"""Main entry point for running approaches in environments.

Example usage with learning NSRTs:
    python src/main.py --env cover --approach nsrt_learning --seed 0

Example usage with oracle NSRTs:
    python src/main.py --env cover --approach oracle --seed 0

Example with verbose logging:
    python src/main.py --env cover --approach oracle --seed 0 --debug

To load a saved approach:
    python src/main.py --env cover --approach nsrt_learning --seed 0 \
        --load_approach

To load saved data:
    python src/main.py --env cover --approach nsrt_learning --seed 0 \
        --load_data

To make videos of test tasks:
    python src/main.py --env cover --approach oracle --seed 0 \
        --make_test_videos --num_test_tasks 1

To run interactive learning approach:
    python src/main.py --env cover --approach interactive_learning \
         --seed 0

To exclude predicates:
    python src/main.py --env cover --approach oracle --seed 0 \
         --excluded_predicates Holding

To run grammar search predicate invention (example):
    python src/main.py --env cover --approach grammar_search_invention \
        --seed 0 --excluded_predicates all
"""

import logging
import os
import sys
import time
from collections import defaultdict
from typing import List, Optional, Sequence, Set, Tuple

import dill as pkl

from predicators.src import utils
from predicators.src.approaches import ApproachFailure, ApproachTimeout, \
    BaseApproach, create_approach
from predicators.src.datasets import create_dataset
from predicators.src.envs import BaseEnv, create_new_env
from predicators.src.settings import CFG
from predicators.src.structs import Dataset, InteractionRequest, \
    InteractionResult, Metrics, ParameterizedOption, Task
from predicators.src.teacher import Teacher, TeacherInteractionMonitorWithVideo

assert os.environ.get("PYTHONHASHSEED") == "0", \
        "Please add `export PYTHONHASHSEED=0` to your bash profile!"


def main() -> None:
    """Main entry point for running approaches in environments."""
    script_start = time.time()
    # Parse & validate args
    args = utils.parse_args()
    utils.update_config(args)
    str_args = " ".join(sys.argv)
    # Log to stderr.
    logging.basicConfig(level=CFG.loglevel,
                        format="%(message)s",
                        handlers=[logging.StreamHandler()])
    logging.info(f"Running command: python {str_args}")
    logging.info("Full config:")
    logging.info(CFG)
    # Create results directory.
    os.makedirs(CFG.results_dir, exist_ok=True)
    # Create classes.

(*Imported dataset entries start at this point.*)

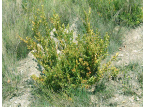
Buis commun ( buxus sempervirens )
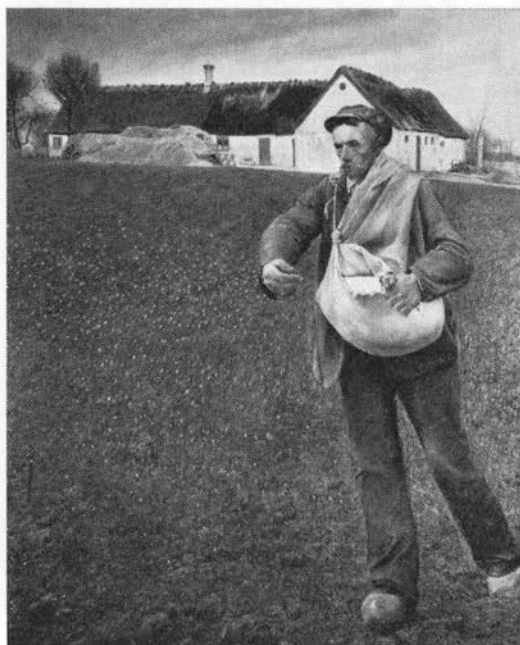
Bonde spreder vintersæden. Maleri af L. A. Ring, 1910. Privateje.

Rugen skal man harve fra sig (let), havren til sig (dybt) (1), og den kunne ikke sås for tykt, selv ikke dér, hvor man faldt med sædekurven (24). Kærnerne sagde: red godt under mig, så skal jeg nok hytte mig (1688ff; 25); læg mig tør og læg
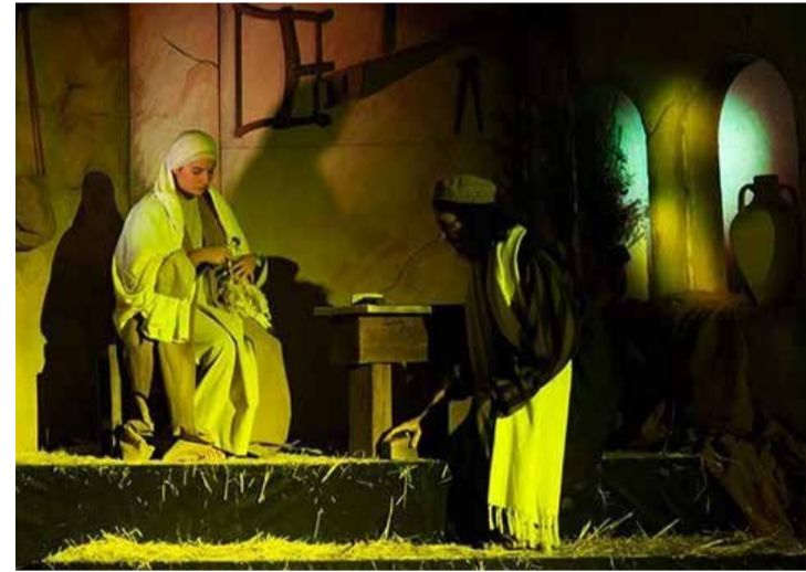
Belén viviente de Castellón.

Note that seeding happens inside the env and approach.
    env = create_new_env(CFG.env, do_cache=True)
    # The action space and options need to be seeded externally, because
    # env.action_space and env.options are often created during env __init__().
    env.action_space.seed(CFG.seed)
    for option in env.options:
        option.params_space.seed(CFG.seed)
    assert env.goal_predicates.issubset(env.predicates)
    preds, _ = utils.parse_config_excluded_predicates(env)
    # Create the train tasks.
    train_tasks = env.get_train_tasks()
    # If train tasks have goals that involve excluded predicates, strip those
    # predicate classifiers to prevent leaking information to the approaches.
    stripped_train_tasks = [
        utils.strip_task(task, preds) for task in train_tasks
    ]
    if CFG.option_learner == "no_learning":
        # If we are not doing option learning, pass in all the environment's
        # oracle options.
        options = env.options
    else:
        # Determine from the config which oracle options to include, if any.
        options = utils.parse_config_included_options(env)
    # Create the agent (approach).
    approach = create_approach(CFG.approach, preds, options, env.types,
                               env.action_space, stripped_train_tasks)
    if approach.is_learning_based:
        # Create the offline dataset. Note that this needs to be done using
        # the non-stripped train tasks because dataset generation may need
        # to use the oracle predicates (e.g. demo data generation).
        offline_dataset = _generate_or_load_offline_dataset(
            env, train_tasks, options)
    else:
        offline_dataset = None
    # Run the full pipeline.
    _run_pipeline(env, approach, stripped_train_tasks, offline_dataset)
    script_time = time.time() - script_start
    logging.info(f"\n\nMain script terminated in {script_time:.5f} seconds")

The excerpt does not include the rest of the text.